Giriş

Orijinalini görmek için tıklayınız : Lozan Antlaşmasının Yıldönümü Basın Açıklaması



ibalaban
25-07-2008, 09:57
Only the registered members can see the link

Değerli basın mensupları, değerli yurttaşlar ;

Öncelikle 1. Dünya Savaşından sonra yüzyılın, en uzun süre yürürlükte kalan tek barış antlaşması olan Lozan Barış Antlaşması'nın imzalanışın 85. Yılını anımsatmak gereğine olan inancımızı sizlerle paylaşmak isteriz.


Söze unutulmaya çalışılan bir özelliğimizi vurgulayarak başlamak en doğrusu :

Türk Ulusunun Karakteri Atasınınki gibi BAĞIMSIZLIKTIR.!

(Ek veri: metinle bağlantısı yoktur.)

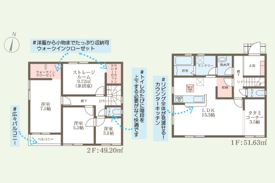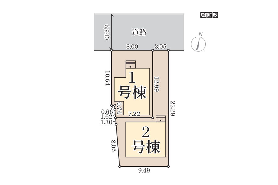 | 土地面積 | 1号棟:102.66㎡(31.05坪) 2号棟:90.51㎡(27.37坪) |

Ancak 10 Ağustos 1920'de karakterimizle hiç bağdaşmayan,

Türk Milletinin Ölüm Fermanı olarak da nitelendirilen,

tarihin en utanç verici antlaşması Sevr,

imzalanmıştı.


Antlaşmaya göre VATAN TOPRAKLARI

Yunanistan,

İtalya,

Fransa,

Ermenistan

ve

İngiltere'ye paylaştırılıyor,

Boğazlarımızdaki Türk Egemenliğine el konulması

ve

ordu mevcudunun azaltılması başta olmak üzere

çok ağır şartlarla devletin tüm gücü eritilmek isteniordu.


Peki Türk Milleti vurdurur muydu ellerine bu kelepçeleri?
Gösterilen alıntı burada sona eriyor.